Почему он так упорно сопротивлялся смерти? Почему в самые отчаянные минуты, когда все в нем пылало и хрипело, выло и кувыркалось, он, бившийся в адских корчах, выплеснувший все за край сознания, не забывал одного, цепляясь из последних сил за одну единственную мысль.
«Только бы не умереть! Нельзя умереть! Нельзя умереть»! Он кричал это в лицо подходившим санитарам, он повторял это в бреду. Подергиваясь, подпрыгивая, трясясь в лихорадке, с помутившимися глазами и горячечным румянцем, он выкрикивал без конца:
«Нельзя умереть…»
И он не умер. Он не мог умереть, не решив той загадки, над которой бился он последние месяцы и которая не могла, не должна была остаться нерешенной. Задача эта была: убил он или не убил?
Началось с той минуты, когда его взяли в постели люди, пришедшие с его окровавленной шапкой. А может быть это началось еще раньше, с той минуты, как он проснулся тогда утром и, лежа в постели, старался вспомнить, что он делал за время, прошедшее между тем, как он вышел из трактира, и тем, как проснулся утром у себя в постели.
Эта дыра заполнилась страшной картиной, когда ему в глаза бросились кровавые пятна на его шапке, заполнились трупом, ее трупом. Это было все, это был конец. Гришка покончил с собой. Он потерял себя. Он медленно умирал. И это не было слишком тяжело. Он и чувствовал, как медленно угасала в нем жизнь, как застилалось смертельным туманным пологом тупевшее сознание, как холодно и безразлично ворочалось сердце, повинующееся еще скучным законам биения, но постепенно затихающее в своем горячем беге.
Он ел все меньше и меньше; временами нападали на него часы совершенного забытья, сонливости, когда все улетучивалось из него и он оставался сидеть на койке пустой, совершенно пустой, как яйцо, из которого сквозь проколотое булавкой отверстие выпустили все содержимое. Иной раз застигала его эта пустота на ходу, когда метался он из угла в угол в тесной камере. Не переставая ходить, он вдруг переставал чувствовать себя. Его, его самого не было в окружающем. Он терял себя.
Но это блаженное умирание было нарушено Мотькой. Он вторгся в затухающий мир Гришки. Что занесло его туда? Случай или ненависть, взглянувшая тогда ночью из глаз его страшным призраком? Случайно или по злобному расчету сеял он смятение и муку в больном, надломленном и умирающем сознании Гришки, бередил его напоминанием об умершей, закинул ядовитое зерно сомнения в своей виновности, преследовал его картинами, сладострастными и страшными?
И вот он зажегся одним бешеным желанием разрешить проклятую загадку — убил или не убил.
Гришка, умиравший медленно и тихо, с муками и страданием, стал бороться со смертью.
«Нельзя умереть… нельзя умереть».
Он не мог, не имел права умереть, пока не выяснит, действительно ли он потерял право на жизнь, действительно ли он убийца Нины. Мог ли сделать это он — Григорий Светлов?
«Никогда!» — отвечал он с содроганием сам себе.

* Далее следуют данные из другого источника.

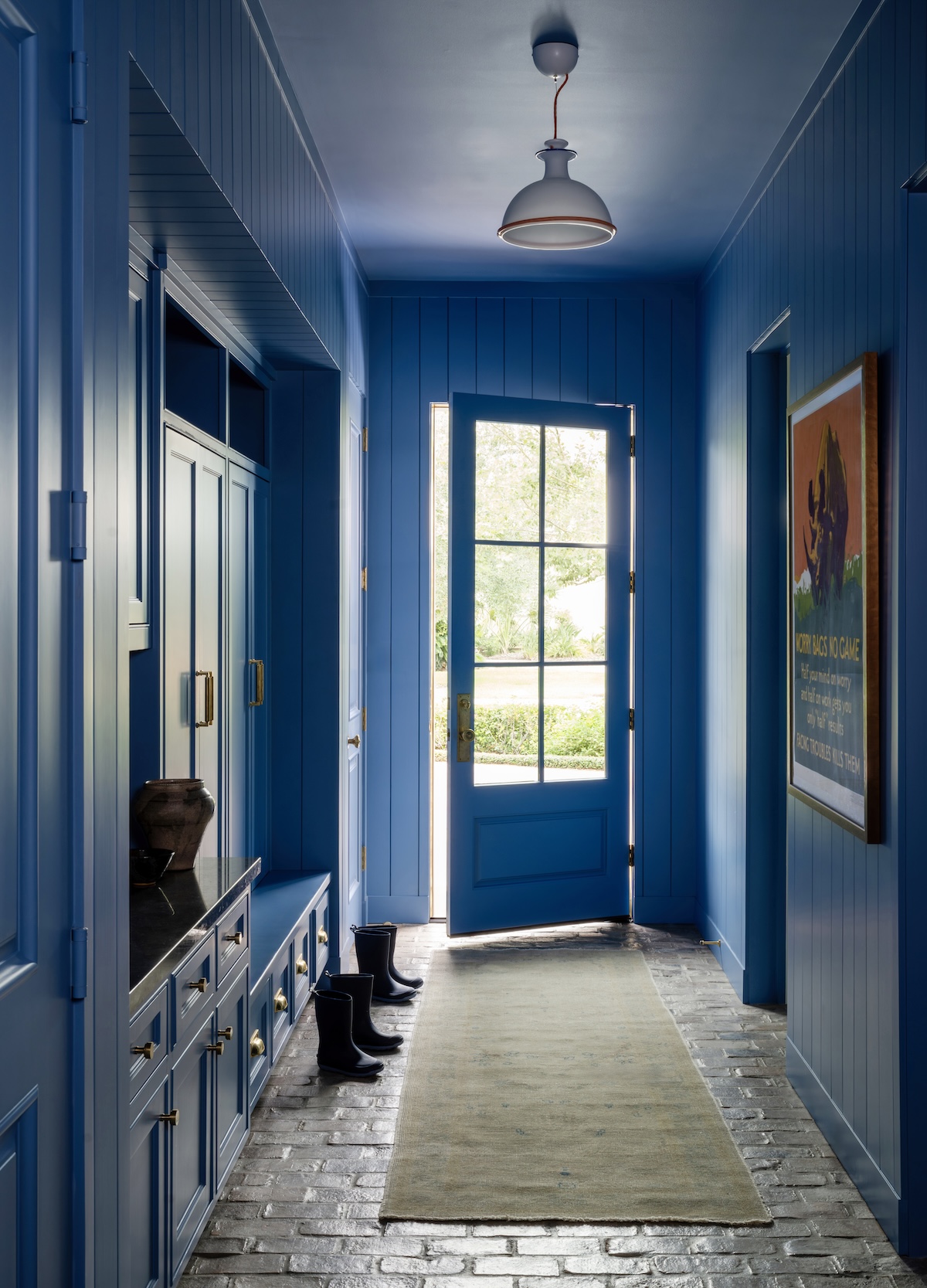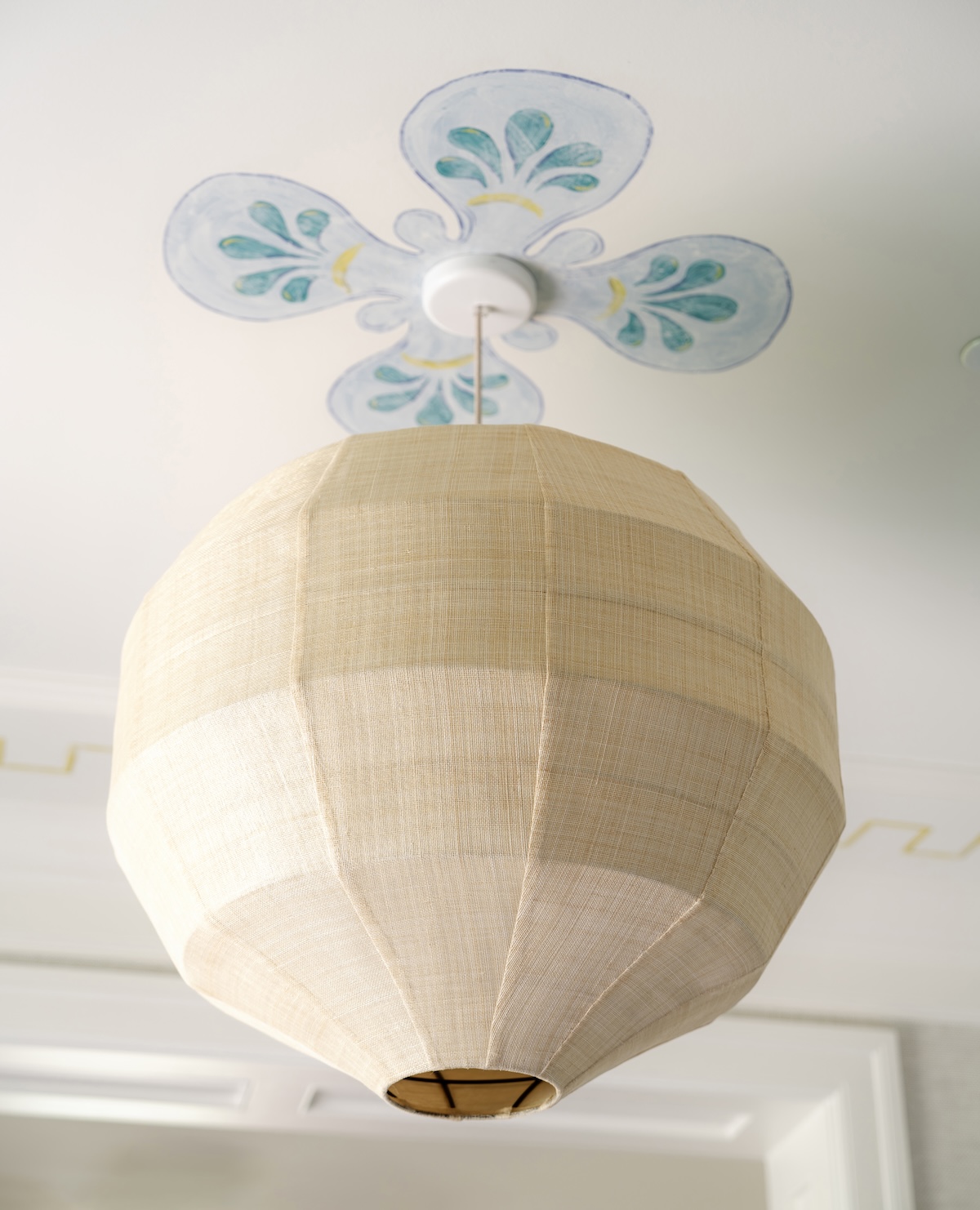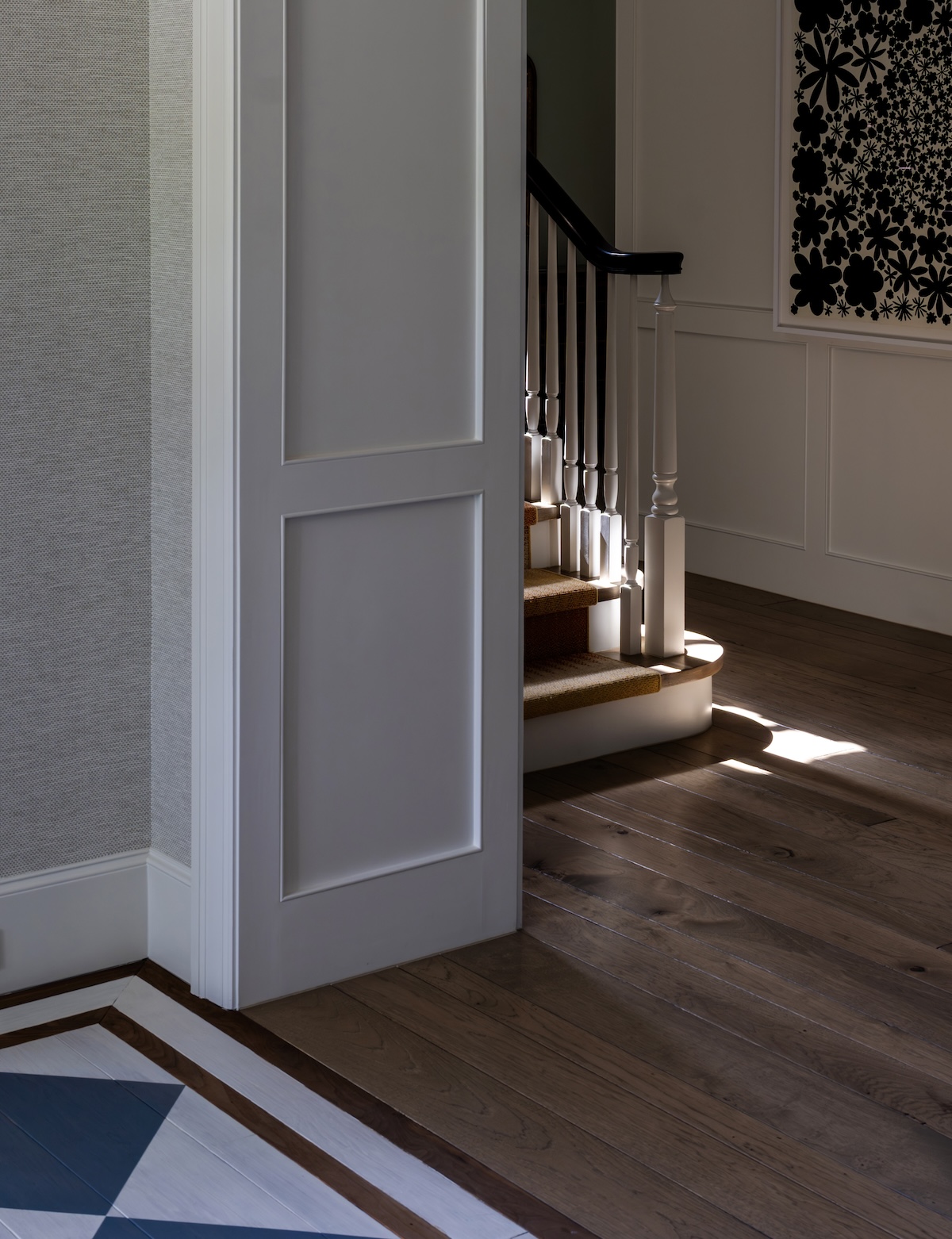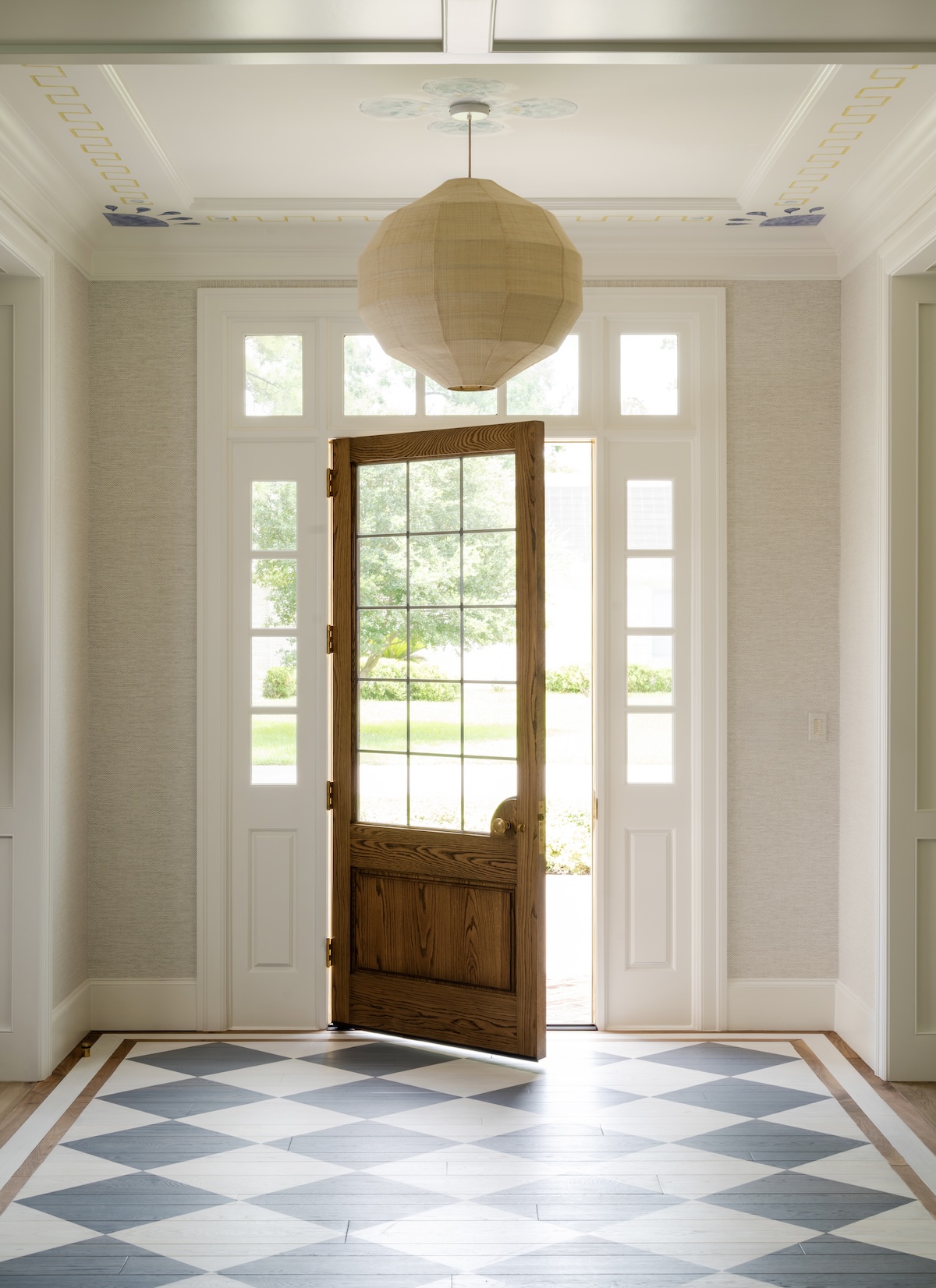 In the entry, we softened the formal architecture with a blue-and-white checker-painted floor—a nod to their love of New Orleans—and commissioned Verdigris Finishes to hand-paint a playful detail on the ceiling.

Но набегали толпой другие мысли. А окровавленная шапка? Разве не мог он, Григорий, пьяный, потерявший себя, доведенный до отчаяния, оскорбленный и побитый как собачонка, разве не мог он совершить этого убийства?
«Нет, нет» — кричал он перекошенным ртом, хватаясь за перестающее биться сердце.
Нет, нет, он не убивал, он не мог убить! Шапку могли подбросить.
Но тут снова видел он перед своими глазами это белеющее тело с ножом, торчащим в груди, и ощущал с совершенной очевидностью, что он смотрит на него, он сам, Григорий, и что в комнате Нины, кроме него, никого нет.
Больше всего мучений причиняло одно смутное, еле уловимое воспоминание. Это воспоминание приходило не от головы, не от мозга, а от тела. Его тело глухо, отдаленно напоминало ему о Нине, о теле… этой девушки. Оно напоминало о каких-то прикосновениях, может быть поцелуях. В ту ночь, когда он увидел труп, в ту ночь он, может быть, целовал Нину, живую или мертвую, он не помнит. Это так смутно, так неуловимо, Это только звериное, чувственное, тончайшее воспоминание каких-то тайных, глубоких клеток его нервной ткани… Но оно существует, как оно ни неуловимо. И он содрогался. Неужели он в самом деле целовал Нину в ту ночь? Может быть, она любила его тогда перед смертью, его — обезумевшего, с выпавшим сознанием? Может быть, они в любовном упоении совершили то, что именуется в судебном протоколе изнасилованием?
Может ли это быть? Тогда зачем этот нож? И снова мысли — вскачь, вхлябь, вразброд.
А если он совершил это после… после… Сперва убил… а потом…
«Нет же, нет!.»
Он ведь видал в своем восстановившемся сознании только труп… уже убитое тело, он не видал картины убийства. Если бы она существовала, он бы вспомнил о ней так же, как вспомнил о том, что он видел труп.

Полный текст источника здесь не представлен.